Description: Sufficient condition for a restricted range Cartesian product to be a set. (Contributed by Peter Mazsa, 16-Dec-2020) (Revised by Peter Mazsa, 7-Sep-2021)

		Ref	Expression
	Assertion	xrnresex	\|- ( ( A e. V /\ R e. W /\ ( S \|` A ) e. X ) -> ( R \|X. ( S \|` A ) ) e. _V )

Proof

Step	Hyp	Ref	Expression
1		xrnres3	\|- ( ( R \|X. S ) \|` A ) = ( ( R \|` A ) \|X. ( S \|` A ) )
2		xrnres2	\|- ( ( R \|X. S ) \|` A ) = ( R \|X. ( S \|` A ) )
3	1 2	eqtr3i	\|- ( ( R \|` A ) \|X. ( S \|` A ) ) = ( R \|X. ( S \|` A ) )
4		dfres4	\|- ( R \|` A ) = ( R i^i ( A X. ran ( R \|` A ) ) )
5		dfres4	\|- ( S \|` A ) = ( S i^i ( A X. ran ( S \|` A ) ) )
6	4 5	xrneq12i	\|- ( ( R \|` A ) \|X. ( S \|` A ) ) = ( ( R i^i ( A X. ran ( R \|` A ) ) ) \|X. ( S i^i ( A X. ran ( S \|` A ) ) ) )
7		simp1	\|- ( ( A e.
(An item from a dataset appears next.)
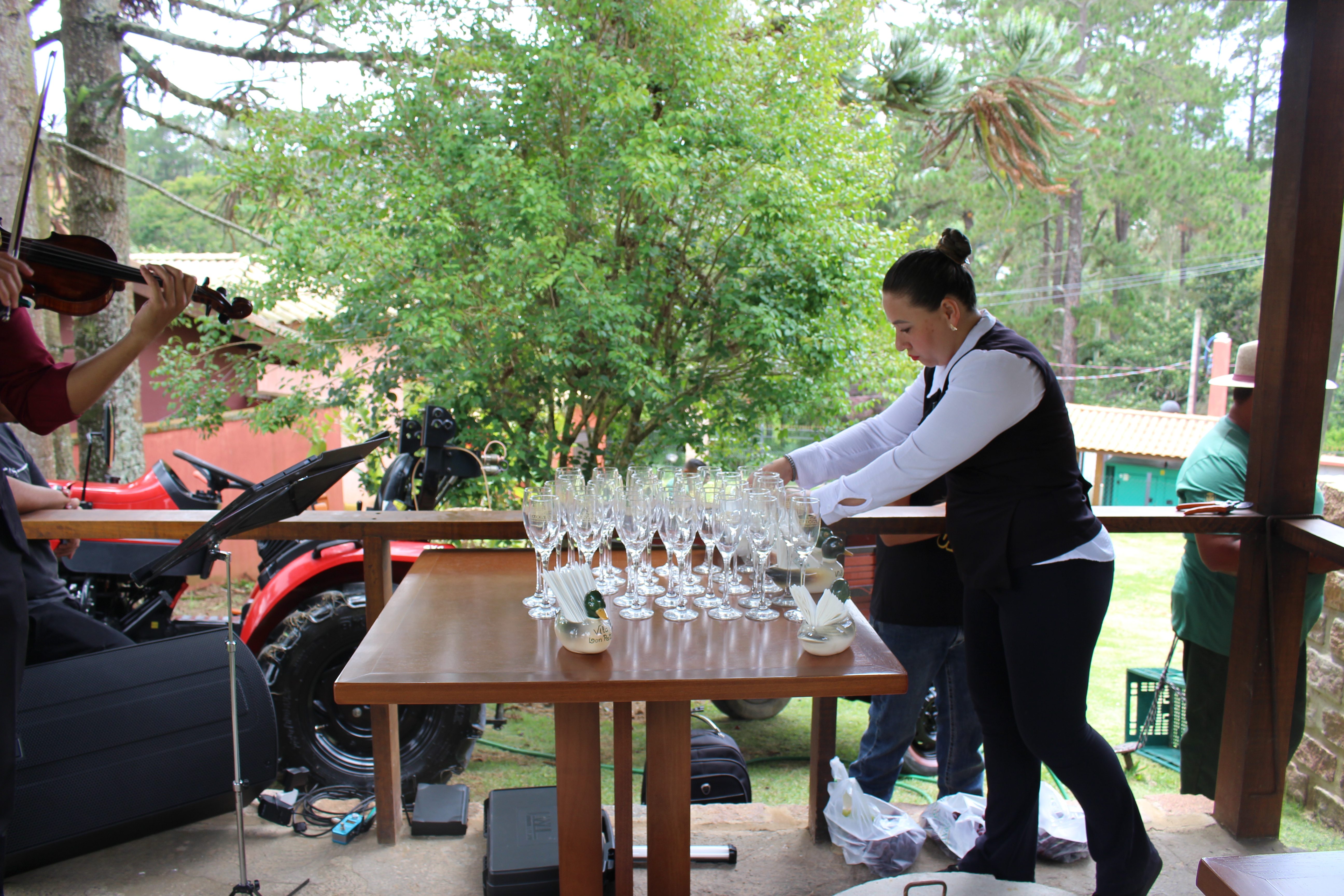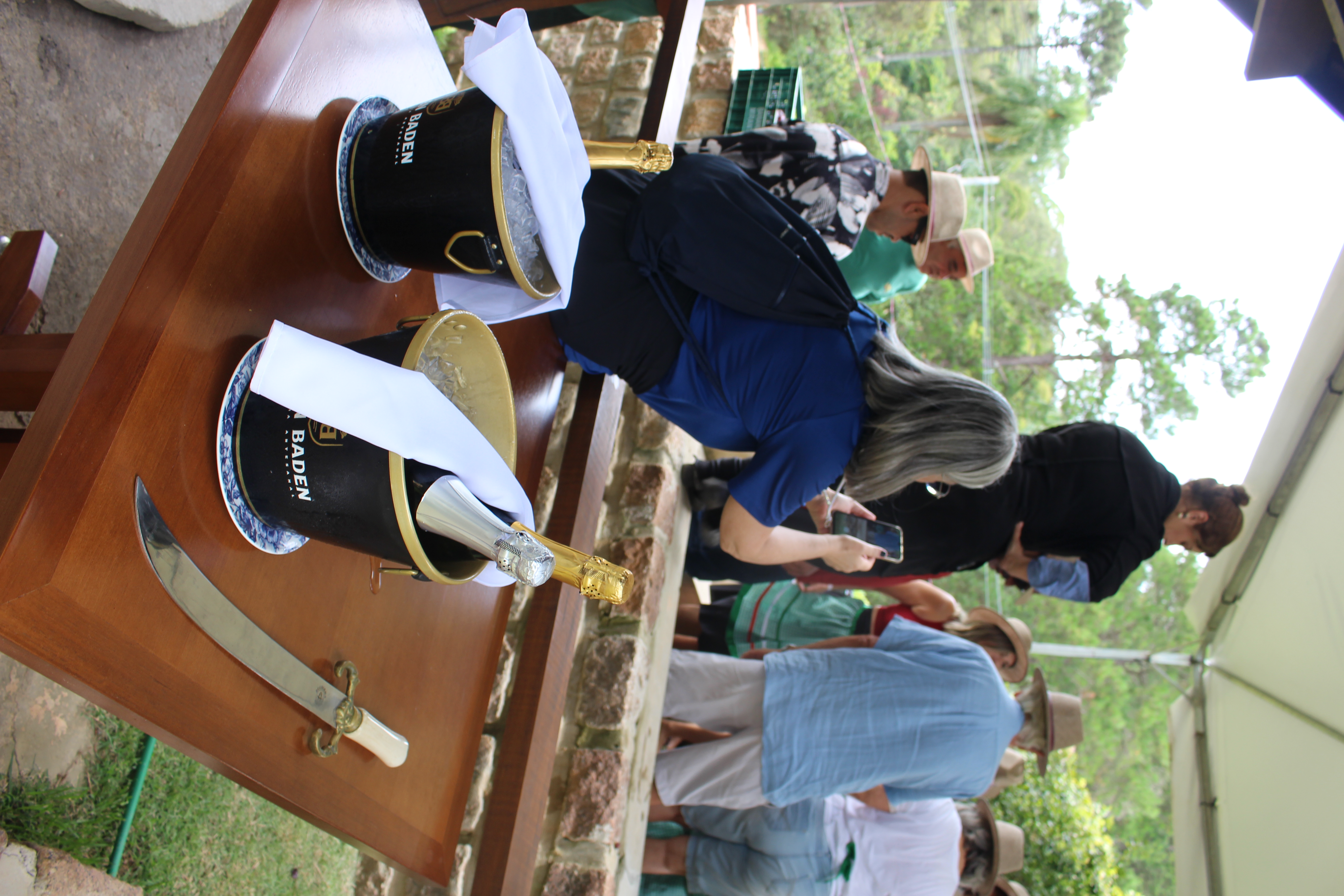 Depois, vem o brinde com espumante, acompanhado de um coquetel pós-sabragem — e ainda ganhamos taças de vidro como lembrança e o chapéu. Um cuidado que faz toda a diferença.

V /\ R e. W /\ ( S \|` A ) e. X ) -> A e. V )
8		resexg	\|- ( R e. W -> ( R \|` A ) e. _V )
9		rnexg	\|- ( ( R \|` A ) e. _V -> ran ( R \|` A ) e. _V )
10	8 9	syl	\|- ( R e. W -> ran ( R \|` A ) e. _V )
11	10	3ad2ant2	\|- ( ( A e. V /\ R e. W /\ ( S \|` A ) e. X ) -> ran ( R \|` A ) e. _V )
12		rnexg	\|- ( ( S \|` A ) e. X -> ran ( S \|` A ) e. _V )
13	12	3ad2ant3	\|- ( ( A e. V /\ R e. W /\ ( S \|` A ) e. X ) -> ran ( S \|` A ) e. _V )
14		inxpxrn	\|- ( ( R i^i ( A X. ran ( R \|` A ) ) ) \|X. ( S i^i ( A X. ran ( S \|` A ) ) ) ) = ( ( R \|X. S ) i^i ( A X. ( ran ( R \|` A ) X. ran ( S \|` A ) ) ) )
15		xrninxpex	\|- ( ( A e. V /\ ran ( R \|` A ) e. _V /\ ran ( S \|` A ) e. _V ) -> ( ( R \|X. S ) i^i ( A X. ( ran ( R \|` A ) X. ran ( S \|` A ) ) ) ) e. _V )
16	14 15	eqeltrid	\|- ( ( A e. V /\ ran ( R \|` A ) e. _V /\ ran ( S \|` A ) e. _V ) -> ( ( R i^i ( A X. ran ( R \|` A ) ) ) \|X. ( S i^i ( A X. ran ( S \|` A ) ) ) ) e. _V )
17	7 11 13 16	syl3anc	\|- ( ( A e. V /\ R e. W /\ ( S \|` A ) e. X ) -> ( ( R i^i ( A X. ran ( R \|` A ) ) ) \|X. ( S i^i ( A X. ran ( S \|` A ) ) ) ) e. _V )
18	6 17	eqeltrid	\|- ( ( A e. V /\ R e. W /\ ( S \|` A ) e. X ) -> ( ( R \|` A ) \|X. ( S \|` A ) ) e. _V )
19	3 18	eqeltrrid	\|- ( ( A e. V /\ R e. W /\ ( S \|` A ) e. X ) -> ( R \|X. ( S \|` A ) ) e. _V )